Eine Szene aus der Feuerwehrübung: Das DRK übernahm von der Feuerwehr die Verletzten und behandelte sie weiter. Foto: Herold Schwind

Die Belüftung der Einsatzstelle war bei der Hauptübung der Feuerwehr Nordstetten und des DRK die Aufgabe der Jugendabteilung.

Die Feuerwehr Nordstetten hielt am Samstag bei schönstem Spätherbstwetter vor großer Zuschauerkulisse ihre Jahreshauptübung ab. Das Szenario: Bei Dachsanierungsarbeiten am Kindergarten bricht im Dachaufbau ein Schwelbrand aus, der sich unbemerkt über die Dämmung ausbreitet und die Gruppenräume im Erdgeschoss stark verraucht.

 

Und so lief die Übung ab: Punkt 15.32 Uhr wurde die Feuerwehrabteilung über die Sirene von der Leitstelle alarmiert und kam bereits um 15.34 Uhr mit ihrem Mittleren Löschfahrzeug (MLF) am Übungsprojekt an. Sofort machten sich zwei Atemschutzträger an die Arbeit, eine vermisste Erzieherin zu suchen. Weitere vier Erzieherinnen mit neun Kindern im hinteren Gebäudeteil im stark verrauchten Sportraum konnten gerettet werden. Zwei weitere Atemschutzträger machten sich fertig, um die ersten beiden zu unterstützen.

Jugendfeuerwehr macht mit

Aus dem nachkommenden Mannschaftstransportwagen (MTW) machten sich zwei weitere Atemschutzträger bereit – als Sicherungstrupp für die im Gebäude befindlichen Feuerwehrkameraden. Zwei weitere Einsatzkräfte machten sich sofort daran, eine Wasserversorgung vom nahe gelegenen Hydranten zum MLF herzustellen.
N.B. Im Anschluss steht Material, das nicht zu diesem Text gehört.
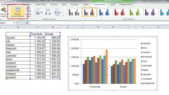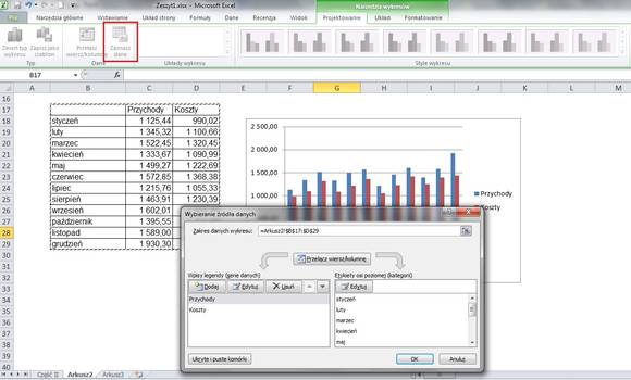 Po wybraniu wykresu należy wskazać programowi zakres danych, które mają zostać na nim przedstawione – Zaznacz dane. Jako że jest to stosunkowo prosty wykres, to Excel sam rozpozna, co powinno znaleźć się na osi X a co na osi Y. Jeżeli jednak Excel się pomyli, wówczas można bardzo łatwo zamienić wiersze z kolumnami, klikając Przełącz wiersz/kolumnę.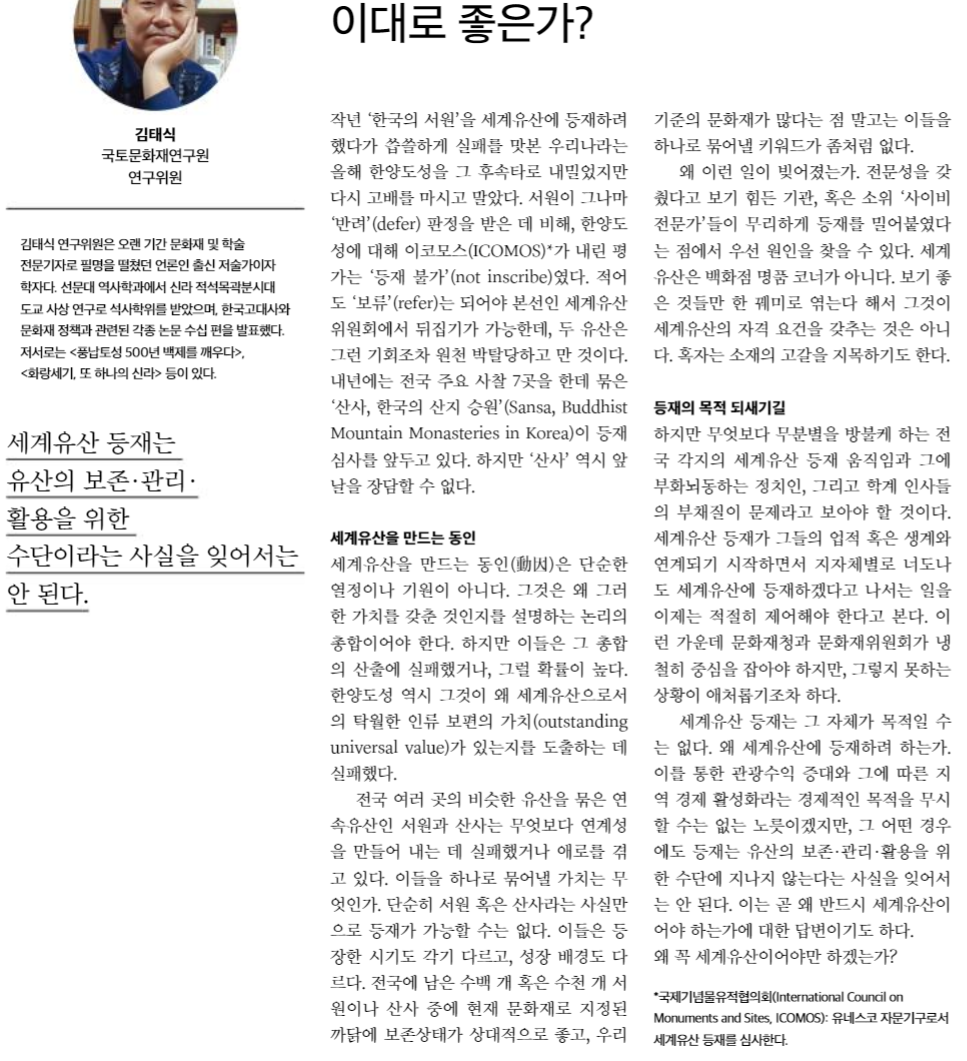 '세계유산 정책 이대로 좋은가' 시론이 유네스코 한국위원회 소식지 올해 6월호에 실렸다.
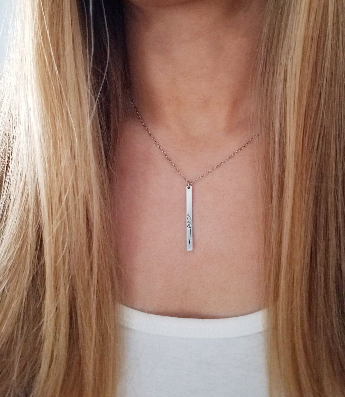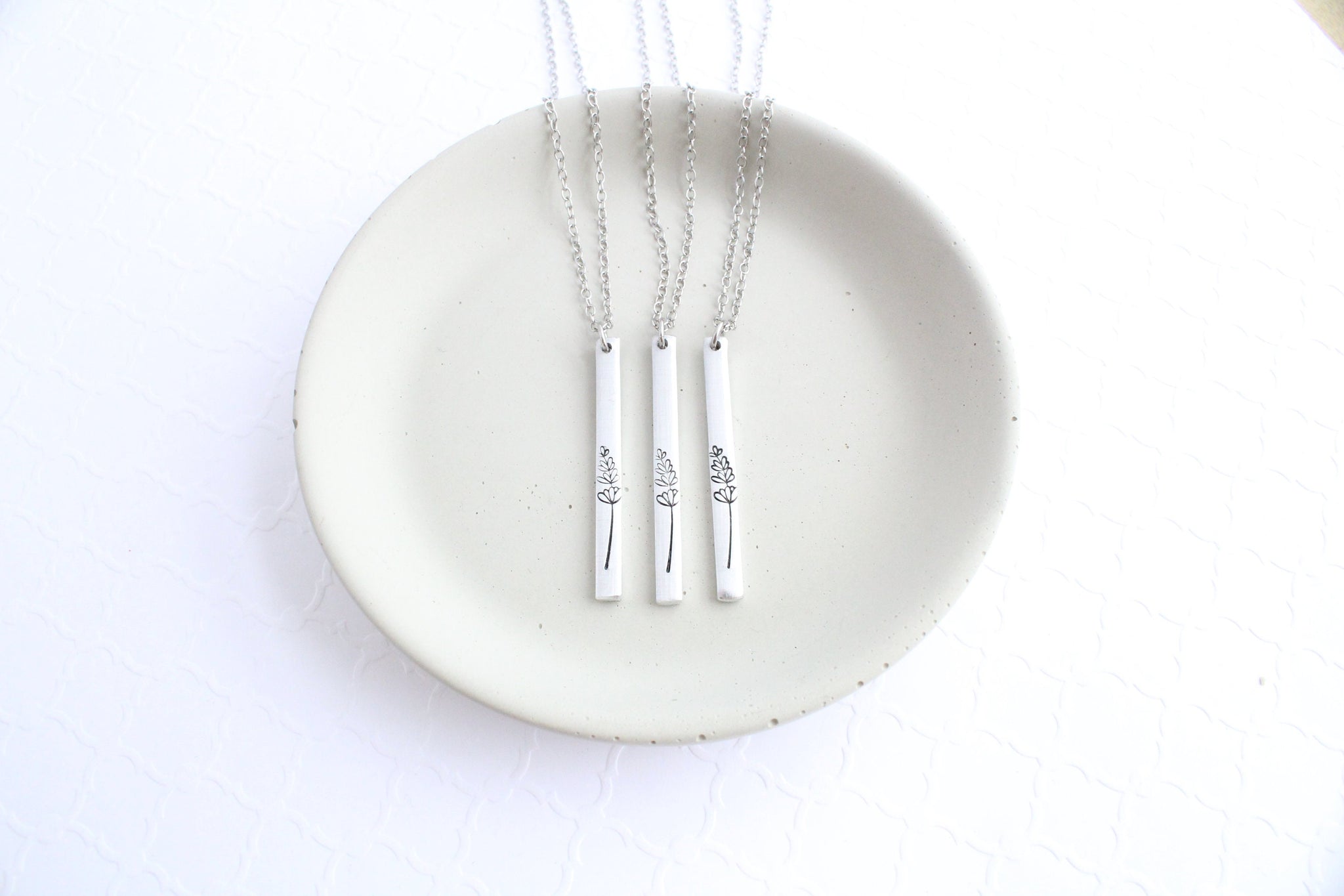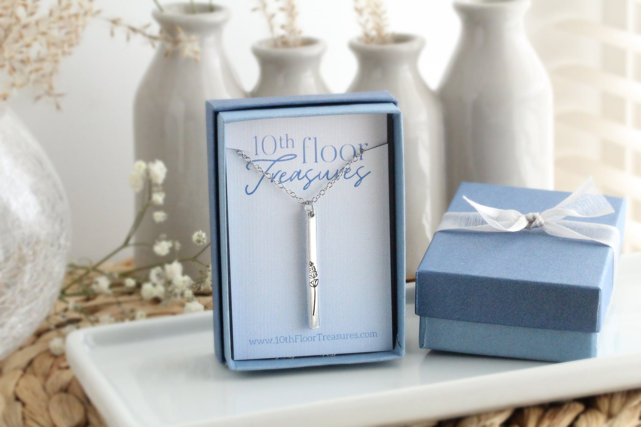 The necklace features a sprig of lavender on an aluminum pendant that measures 1 1/2" tall and 1/8" wide. Aluminum is lightweight, non-tarnish, and hypoallergenic. The pendant hangs from a stainless steel cable chain and fastens with a lobster clasp.

Die Jugendfeuerwehr hatte die Aufgabe, eine Riegelstellung an der Gebäuderückseite aufzubauen. Die restliche Besatzung übernahm die Rettung eines verletzten Handwerkers mit der Steckleiter und einer Schleifkorbtrage auf dem Dach.

Das öffentliche Interesse an der Feuerwehrübung in Nordstetten war groß. Foto: Herold Schwind

Die größte Gefahr bei Bränden in geschlossenen Räumen sei bei der Brandbekämpfung der Rauch, wie Kommandant Armin Schäfer erklärte. Deshalb hatte die Jugendfeuerwehr abschließend die Aufgabe einer Einsatzstellenbelüftung. Die Versorgung und die Betreuung der Verletzten und geretteten Personen sowie der neun Kinder übernahm das DRK Mühringen. Die Zusammenarbeit funktionierte Hand in Hand. Bereits um 15.56 Uhr konnte die Hauptübung beendet werden. Sie machte deutlich, dass eine Übung in einem Kindergarten nicht nur sinnvoll, sondern dringend notwendig ist.

Realistische Bedingungen

Die Übung zeigte wirklichkeitsgetreue und realistische Bedingungen, die aber anders sind als bei Standardobjekten wie zum Beispiel Wohnhäusern. Mit den vielen Kindern und den unübersichtlichen Räumen war es eine besondere Herausforderung, aber auch eine praktische Erfahrung für die Atemschutzträger, Personen zu retten. Dieses Wissen kann bei einem echten Einsatz lebenswichtig sein. Aber auch für die Kinder hatte diese Übung gezeigt, dass sie vor den Feuerwehrleuten in voller Ausrüstung mit Atemschutzmaske keine Angst zu haben brauchen, denn die Feuerwehr möchte ihnen helfen und sie retten.

Geübt wurde auch die Anwendung einer Schleifkorbtrage und einer Steckleiter – hier wurde die Rettung eines Bauarbeiters geprobt. Foto: Herold Schwind

Der Abteilungskommandant Armin Schäfer bescheinigte seiner Mannschaft und dem DRK Mühringen eine tadellose Leistung. Der stellvertretende Feuerwehrkommandant für Horb, Thomas Hofer, hob die Leistungsfähigkeit der Nordstetter Wehr hervor: „Nordstetten kann zufrieden schlafen und sich auf ihre Feuerwehr verlassen.“ Auch Ortsvorsteher Markus Bok lobte seine Feuerwehr für all das Können, das nur mit „Üben, Üben und Üben“ möglich sei. Oberbürgermeister Michael Keßler sprach von einer grandiosen einsatzfähigen Wehr mit einem tollen Ausbildungsstand.